Not necessarily for tabs on the same web site, but for different sites, yes. Hence "site isolation".

lxgr

To be fair, this is (relatively, compared to the age of the web) new behavior though.

Even Chrome, which pioneered the "tab per process" model, didn't isolate same browsing group context sites for a long time, and still shares processes on Android as a resource optimization: https://chromium.googlesource.com/chromium/src/+/main/docs/p...

Firefox only released their "Project Fission" in 2021, i.e. three years after Spectre.

cluckindan

In Safari settings under Advanced, it’s possible to enable ”verify window.open user gesture”. Does that help at all?

ddtaylor

AFAIK this only means the attacker has to dupe you into doing a UI event like scrolling or clicking or touching something on page. Very easy to do.

yard2010

Safari is Internet Explorer of the 20'

jabwd

This is a flawed comparison in many ways. As you might not understand IE was problematic because of its massive install base and everyone only, and only writing their websites for chrome oh wait. Typo'd there, meant IE.

tptacek

Cool detail, in the section where they reverse-engineer the presence of an LVP on the M3:

    Remarkably, while all other load widths activate the LVP
    on any constant value fitting that width, we observe that acti-
    vation on 8-byte wide loads occurs only when the load value
    is zero. We conjecture that this may be a countermeasure for
    memory safety such that the LVP will not learn values of
    pointers. That is, with the M3 being a 64-bit CPU, pointers
    are 8 bytes wide. Furthermore, on 64-bit macOS executables,
    any virtual address below 0x100, 000, 000 is invalid.

saagarjha

Grouping a hex address by threes is crazy

hmry

3 hex digits = 12 bits = 4096 entries, the size of each address translation table on ARM. So it does make some (twisted) sort of sense. Assuming you're using 4k page size

anyfoo

Apple devices use 16kB pages.

saagarjha

macOS/iOS don’t

ijustlovemath

wait, so does this mean that if an exploit tries to use a 32 bit address it's immediately shut down?

anyfoo

There are usually no valid 32 bit addresses, i.e. the first 4GB are not mapped.

avianlyric

That might be their point. As the OP quoted

> any virtual address below 0x100, 000, 000 is invalid.
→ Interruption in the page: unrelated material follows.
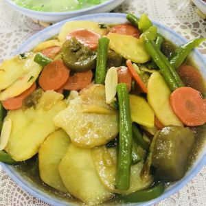 热锅冷油,炸土豆和茄子。因为我心急一下子全倒进去了所以有的炸透了有的没炸到。在这里我想提醒大家:炸茄子的时候油温尽量高一些,众所周知茄子很吃油,油温高的话会没那么吃油。但是炸完之后还是很油,什么油不油的废话这么多,想吃就别怕油啦哈哈哈

That kinda suggests that all 32bit addresses are inherently invalid on 64bit MacOS

bawolff

Hmm, one part i found interesting

> In order to make cache hits distinguishable from misses in Safari, we reference the NOT gate-based cache amplifica- tion primitive from [29, Section 5], adjusting the speculation parameters for the M2 CPU. We run the amplifier 500 times when the target address is cached and 500 more times when it is evicted, in native and WebAssembly implementations. Table 3 summarizes the timing distributions, with units in ms. We observe that they are clearly separable even in a web environment, allowing us to distinguish cache hits from misses with WebKit’s 1 ms timer.

So i guess all the hub hub around disabling fine resolution timers and SharedArrayBuffer was for naught.

kevingadd

It delayed viable attacks by a few years, maybe?
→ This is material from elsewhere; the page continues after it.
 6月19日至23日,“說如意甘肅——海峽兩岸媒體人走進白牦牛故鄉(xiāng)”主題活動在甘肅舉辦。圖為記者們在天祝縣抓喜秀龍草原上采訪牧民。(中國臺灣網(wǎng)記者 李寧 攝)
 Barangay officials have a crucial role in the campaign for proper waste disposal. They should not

It doesn't hurt that setbacks for web app development coincidentally send developers into the open arms of Google and Apple's stores that collect a 30% cut of all revenue, so there was a good incentive to do it even if it didn't protect anyone.

bawolff

> It doesn't hurt that setbacks for web app development coincidentally send developers into the open arms of Google and Apple's stores that collect a 30% cut of all revenue, so there was a good incentive to do it even if it didn't protect anyone.
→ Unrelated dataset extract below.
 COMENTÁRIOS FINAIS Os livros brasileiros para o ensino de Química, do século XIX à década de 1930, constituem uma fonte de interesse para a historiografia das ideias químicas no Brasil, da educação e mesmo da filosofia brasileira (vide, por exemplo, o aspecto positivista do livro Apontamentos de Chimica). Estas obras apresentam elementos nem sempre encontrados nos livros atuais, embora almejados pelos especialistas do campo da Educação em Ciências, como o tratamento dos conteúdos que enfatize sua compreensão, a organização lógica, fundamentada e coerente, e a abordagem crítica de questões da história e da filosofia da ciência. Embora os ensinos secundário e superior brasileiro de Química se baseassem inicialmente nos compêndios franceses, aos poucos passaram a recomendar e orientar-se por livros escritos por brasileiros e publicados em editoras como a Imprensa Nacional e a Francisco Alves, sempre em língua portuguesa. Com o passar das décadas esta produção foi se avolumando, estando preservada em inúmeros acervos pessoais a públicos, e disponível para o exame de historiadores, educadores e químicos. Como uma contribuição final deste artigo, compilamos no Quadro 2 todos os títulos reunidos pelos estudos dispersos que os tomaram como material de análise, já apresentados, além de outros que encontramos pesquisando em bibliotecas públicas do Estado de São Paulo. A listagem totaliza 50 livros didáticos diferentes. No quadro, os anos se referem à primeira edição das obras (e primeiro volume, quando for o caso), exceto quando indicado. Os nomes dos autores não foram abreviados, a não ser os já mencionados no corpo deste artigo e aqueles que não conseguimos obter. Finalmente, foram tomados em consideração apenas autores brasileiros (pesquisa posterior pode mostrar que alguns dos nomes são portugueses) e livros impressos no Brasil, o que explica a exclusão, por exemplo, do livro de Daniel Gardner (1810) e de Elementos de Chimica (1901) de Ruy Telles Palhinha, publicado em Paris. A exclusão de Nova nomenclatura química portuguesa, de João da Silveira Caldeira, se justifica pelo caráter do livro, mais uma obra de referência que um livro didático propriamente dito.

That seems like a bit of a reach. Its an obscure feature that is rarely useful, and when it is all you have to do is send the right http header (if using chrome) and you get it back.

kevingadd

Multithreading may be an obscure feature to you but runtime developers get requests for it all the time. SAB becoming widely available was definitely delayed.

saagarjha

> On the other hand, although Chrome is equipped with Site Isolation, we demonstrate that it is not a perfect mitigation. We show the real-world existence of corner cases, where two subdomains of the same site can be merged into one process, again leading to LAP- and LVP-based attacks.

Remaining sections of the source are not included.